## Exercise brief
Starting at the line with "-73%Fully editable USA" and going on through the line with "Jedná se o dřevostavbu, ve", reproduce each line in the records below exactly and nothing more.

[Excerpted records — start]

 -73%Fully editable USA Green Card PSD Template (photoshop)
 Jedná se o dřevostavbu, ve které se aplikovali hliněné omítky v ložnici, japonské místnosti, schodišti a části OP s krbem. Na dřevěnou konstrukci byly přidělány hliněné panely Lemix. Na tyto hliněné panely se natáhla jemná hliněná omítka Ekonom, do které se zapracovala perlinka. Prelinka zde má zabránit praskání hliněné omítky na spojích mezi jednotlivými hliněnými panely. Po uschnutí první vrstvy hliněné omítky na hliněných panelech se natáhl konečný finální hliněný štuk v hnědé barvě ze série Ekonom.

[Excerpted records — finish]
[Excerpted records — start]

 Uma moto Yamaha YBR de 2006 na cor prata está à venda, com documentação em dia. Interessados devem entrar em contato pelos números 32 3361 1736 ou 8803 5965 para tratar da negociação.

[Excerpted records — finish]

## Answer to this exercise
 -73%Fully editable USA Green Card PSD Template (photoshop)
 Jedná se o dřevostavbu, ve které se aplikovali hliněné omítky v ložnici, japonské místnosti, schodišti a části OP s krbem. Na dřevěnou konstrukci byly přidělány hliněné panely Lemix. Na tyto hliněné panely se natáhla jemná hliněná omítka Ekonom, do které se zapracovala perlinka. Prelinka zde má zabránit praskání hliněné omítky na spojích mezi jednotlivými hliněnými panely. Po uschnutí první vrstvy hliněné omítky na hliněných panelech se natáhl konečný finální hliněný štuk v hnědé barvě ze série Ekonom.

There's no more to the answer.